Source data:
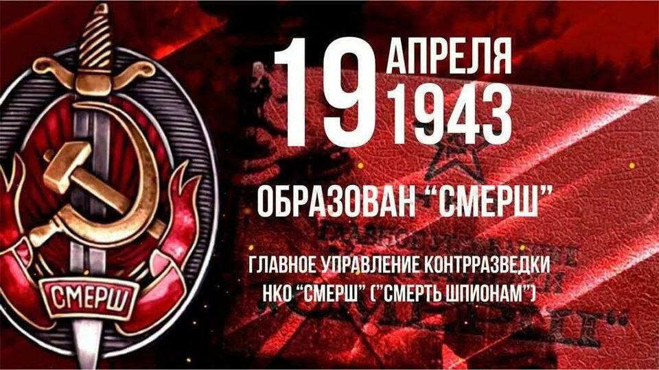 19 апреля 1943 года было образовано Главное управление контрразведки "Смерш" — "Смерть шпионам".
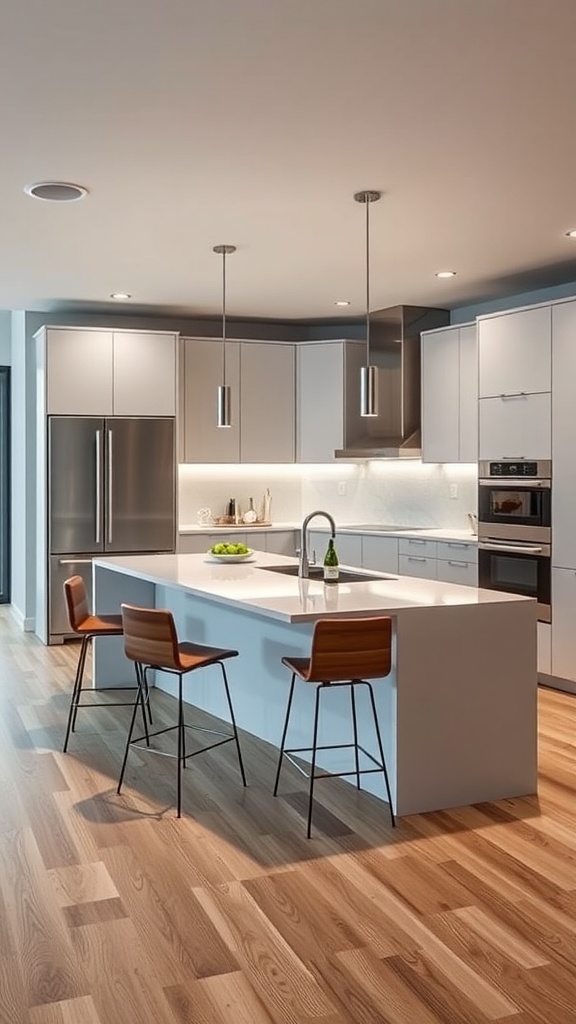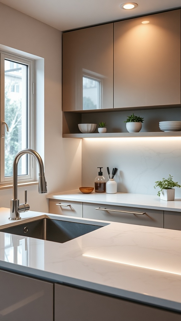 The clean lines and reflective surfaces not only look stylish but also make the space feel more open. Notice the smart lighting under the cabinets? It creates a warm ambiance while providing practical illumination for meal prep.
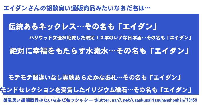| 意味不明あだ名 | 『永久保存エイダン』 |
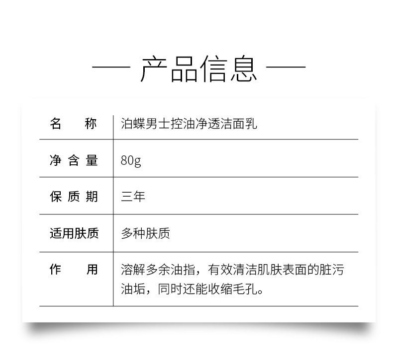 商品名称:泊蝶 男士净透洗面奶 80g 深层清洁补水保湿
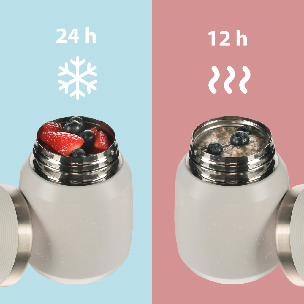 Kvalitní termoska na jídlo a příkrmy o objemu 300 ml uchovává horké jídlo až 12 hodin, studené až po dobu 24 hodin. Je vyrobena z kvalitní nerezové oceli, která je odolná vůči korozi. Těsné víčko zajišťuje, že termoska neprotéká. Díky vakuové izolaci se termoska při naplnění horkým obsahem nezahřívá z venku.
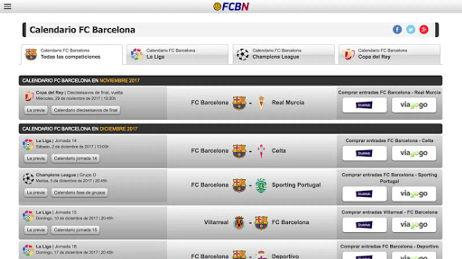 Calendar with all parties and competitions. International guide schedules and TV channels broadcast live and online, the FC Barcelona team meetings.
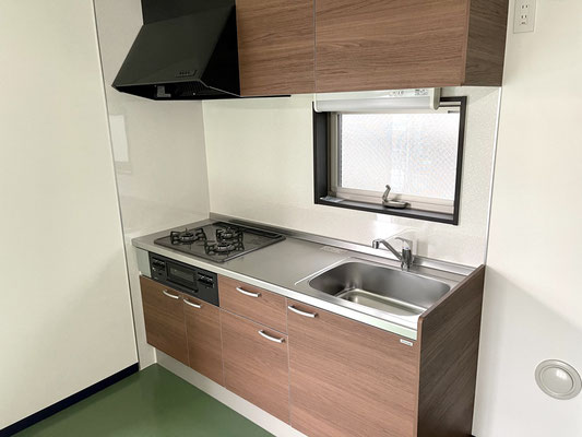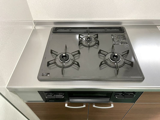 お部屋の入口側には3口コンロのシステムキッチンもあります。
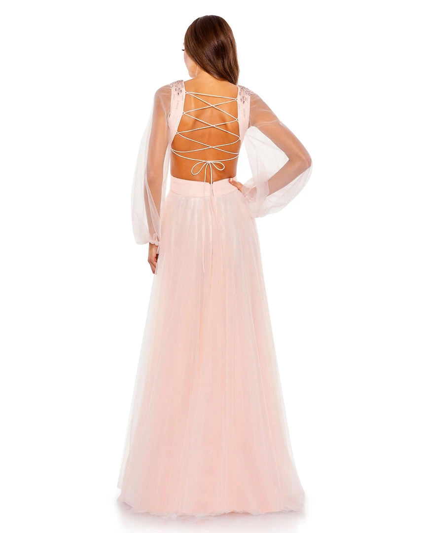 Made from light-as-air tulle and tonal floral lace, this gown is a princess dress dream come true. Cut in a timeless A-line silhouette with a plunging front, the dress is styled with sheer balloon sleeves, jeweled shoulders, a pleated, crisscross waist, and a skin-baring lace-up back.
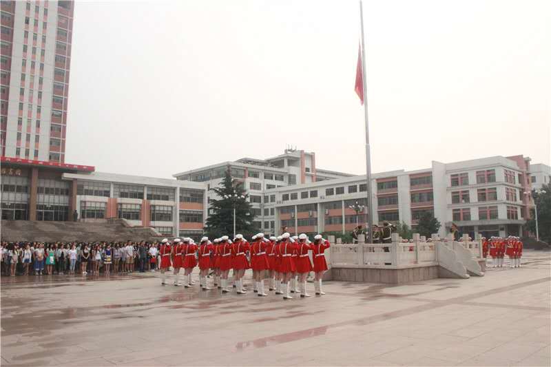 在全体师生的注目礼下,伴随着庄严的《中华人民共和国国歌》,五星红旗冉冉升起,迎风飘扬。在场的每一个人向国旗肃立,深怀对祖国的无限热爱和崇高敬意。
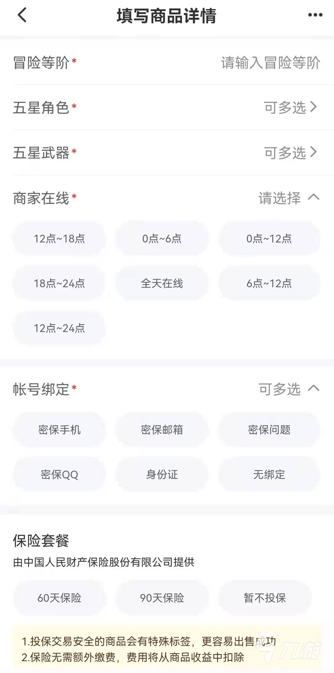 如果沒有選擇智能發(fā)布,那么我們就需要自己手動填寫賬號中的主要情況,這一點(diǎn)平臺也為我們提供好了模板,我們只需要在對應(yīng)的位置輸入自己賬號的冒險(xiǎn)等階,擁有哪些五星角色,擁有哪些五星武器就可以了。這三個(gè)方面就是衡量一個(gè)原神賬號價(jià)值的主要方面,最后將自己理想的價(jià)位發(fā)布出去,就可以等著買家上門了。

Goal of the exercise: Retype only the lines from the one with "お部屋の入口側には3口コンロのシステムキッチンもあります。" through the final line of the entries, please, and keep the pictures out.

Solved problem:
 お部屋の入口側には3口コンロのシステムキッチンもあります。
 Made from light-as-air tulle and tonal floral lace, this gown is a princess dress dream come true. Cut in a timeless A-line silhouette with a plunging front, the dress is styled with sheer balloon sleeves, jeweled shoulders, a pleated, crisscross waist, and a skin-baring lace-up back.
 在全体师生的注目礼下,伴随着庄严的《中华人民共和国国歌》,五星红旗冉冉升起,迎风飘扬。在场的每一个人向国旗肃立,深怀对祖国的无限热爱和崇高敬意。
 如果沒有選擇智能發(fā)布,那么我們就需要自己手動填寫賬號中的主要情況,這一點(diǎn)平臺也為我們提供好了模板,我們只需要在對應(yīng)的位置輸入自己賬號的冒險(xiǎn)等階,擁有哪些五星角色,擁有哪些五星武器就可以了。這三個(gè)方面就是衡量一個(gè)原神賬號價(jià)值的主要方面,最后將自己理想的價(jià)位發(fā)布出去,就可以等著買家上門了。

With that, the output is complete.